PROVIDED DATA:
·····

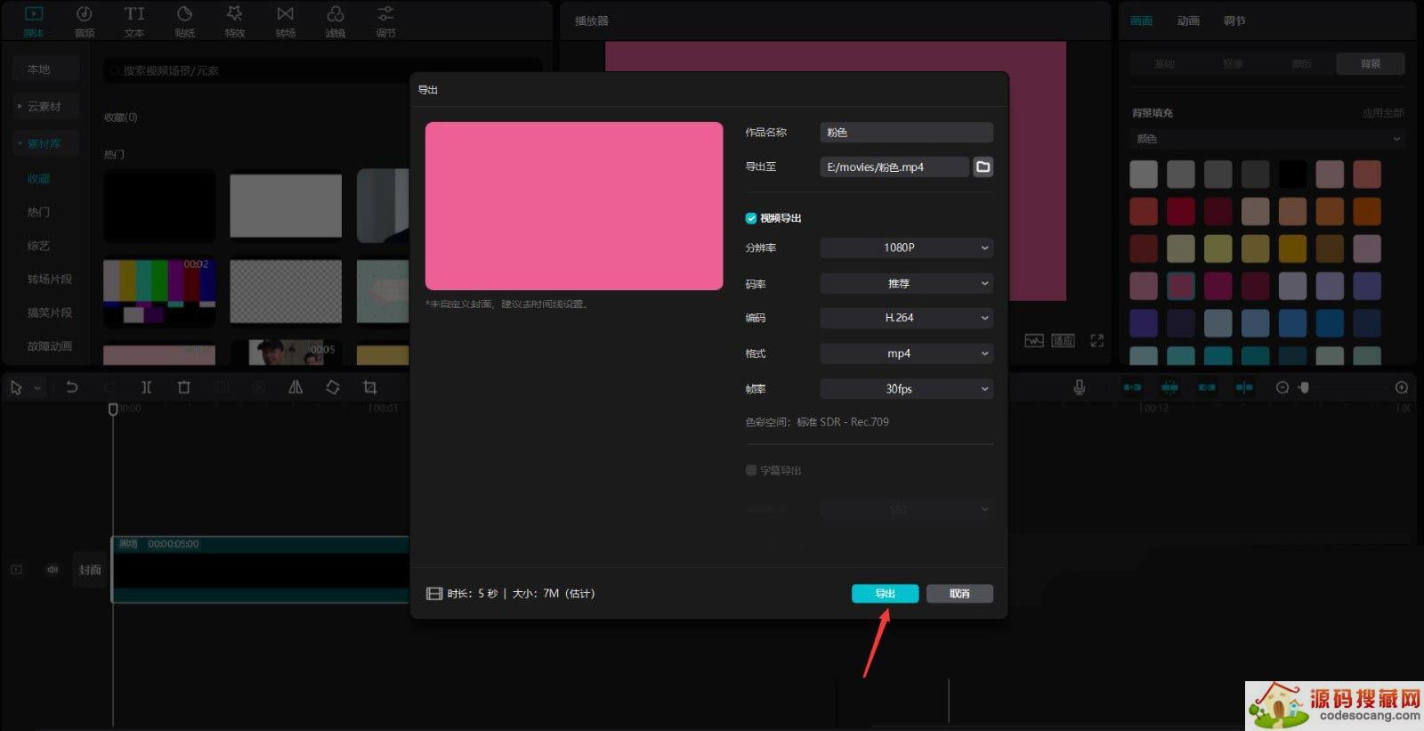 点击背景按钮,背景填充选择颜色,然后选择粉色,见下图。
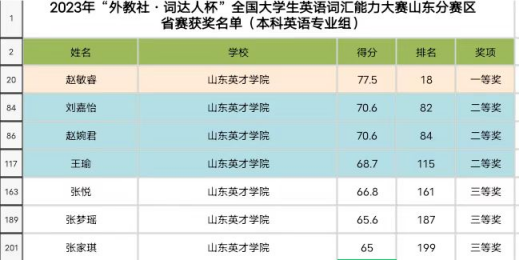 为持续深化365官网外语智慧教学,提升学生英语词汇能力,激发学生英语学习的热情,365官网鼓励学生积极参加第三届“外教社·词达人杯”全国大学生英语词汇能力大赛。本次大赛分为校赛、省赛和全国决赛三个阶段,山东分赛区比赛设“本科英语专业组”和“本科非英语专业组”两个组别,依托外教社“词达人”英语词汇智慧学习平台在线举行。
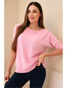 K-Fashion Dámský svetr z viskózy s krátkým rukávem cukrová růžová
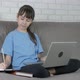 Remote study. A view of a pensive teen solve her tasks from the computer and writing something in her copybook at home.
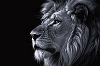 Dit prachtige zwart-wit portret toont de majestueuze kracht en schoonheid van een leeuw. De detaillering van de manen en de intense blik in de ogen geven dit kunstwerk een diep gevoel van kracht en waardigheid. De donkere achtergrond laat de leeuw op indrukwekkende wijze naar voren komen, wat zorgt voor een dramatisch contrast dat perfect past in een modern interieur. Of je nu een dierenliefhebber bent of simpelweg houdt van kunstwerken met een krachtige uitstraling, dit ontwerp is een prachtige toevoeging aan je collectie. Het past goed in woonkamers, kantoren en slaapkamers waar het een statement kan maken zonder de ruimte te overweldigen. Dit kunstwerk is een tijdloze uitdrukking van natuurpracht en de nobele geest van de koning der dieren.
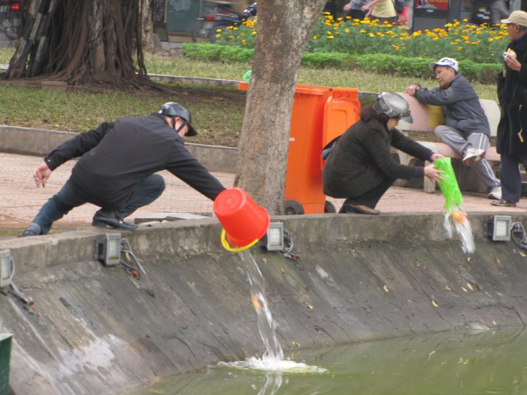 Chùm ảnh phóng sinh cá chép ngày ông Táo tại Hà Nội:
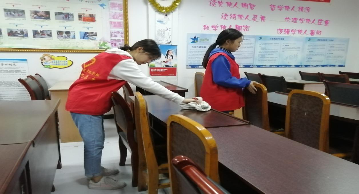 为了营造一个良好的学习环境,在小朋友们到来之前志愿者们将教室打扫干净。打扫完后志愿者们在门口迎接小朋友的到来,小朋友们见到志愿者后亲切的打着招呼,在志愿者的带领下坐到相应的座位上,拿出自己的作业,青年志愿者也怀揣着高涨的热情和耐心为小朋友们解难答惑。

·····

WORK INSTRUCTION: Could the entries above be restated word for word, with the pictures left out?

YOUR SOLUTION:
 点击背景按钮,背景填充选择颜色,然后选择粉色,见下图。
 为持续深化365官网外语智慧教学,提升学生英语词汇能力,激发学生英语学习的热情,365官网鼓励学生积极参加第三届“外教社·词达人杯”全国大学生英语词汇能力大赛。本次大赛分为校赛、省赛和全国决赛三个阶段,山东分赛区比赛设“本科英语专业组”和“本科非英语专业组”两个组别,依托外教社“词达人”英语词汇智慧学习平台在线举行。
 K-Fashion Dámský svetr z viskózy s krátkým rukávem cukrová růžová
 Remote study. A view of a pensive teen solve her tasks from the computer and writing something in her copybook at home.
 Dit prachtige zwart-wit portret toont de majestueuze kracht en schoonheid van een leeuw. De detaillering van de manen en de intense blik in de ogen geven dit kunstwerk een diep gevoel van kracht en waardigheid. De donkere achtergrond laat de leeuw op indrukwekkende wijze naar voren komen, wat zorgt voor een dramatisch contrast dat perfect past in een modern interieur. Of je nu een dierenliefhebber bent of simpelweg houdt van kunstwerken met een krachtige uitstraling, dit ontwerp is een prachtige toevoeging aan je collectie. Het past goed in woonkamers, kantoren en slaapkamers waar het een statement kan maken zonder de ruimte te overweldigen. Dit kunstwerk is een tijdloze uitdrukking van natuurpracht en de nobele geest van de koning der dieren.
 Chùm ảnh phóng sinh cá chép ngày ông Táo tại Hà Nội:
 为了营造一个良好的学习环境,在小朋友们到来之前志愿者们将教室打扫干净。打扫完后志愿者们在门口迎接小朋友的到来,小朋友们见到志愿者后亲切的打着招呼,在志愿者的带领下坐到相应的座位上,拿出自己的作业,青年志愿者也怀揣着高涨的热情和耐心为小朋友们解难答惑。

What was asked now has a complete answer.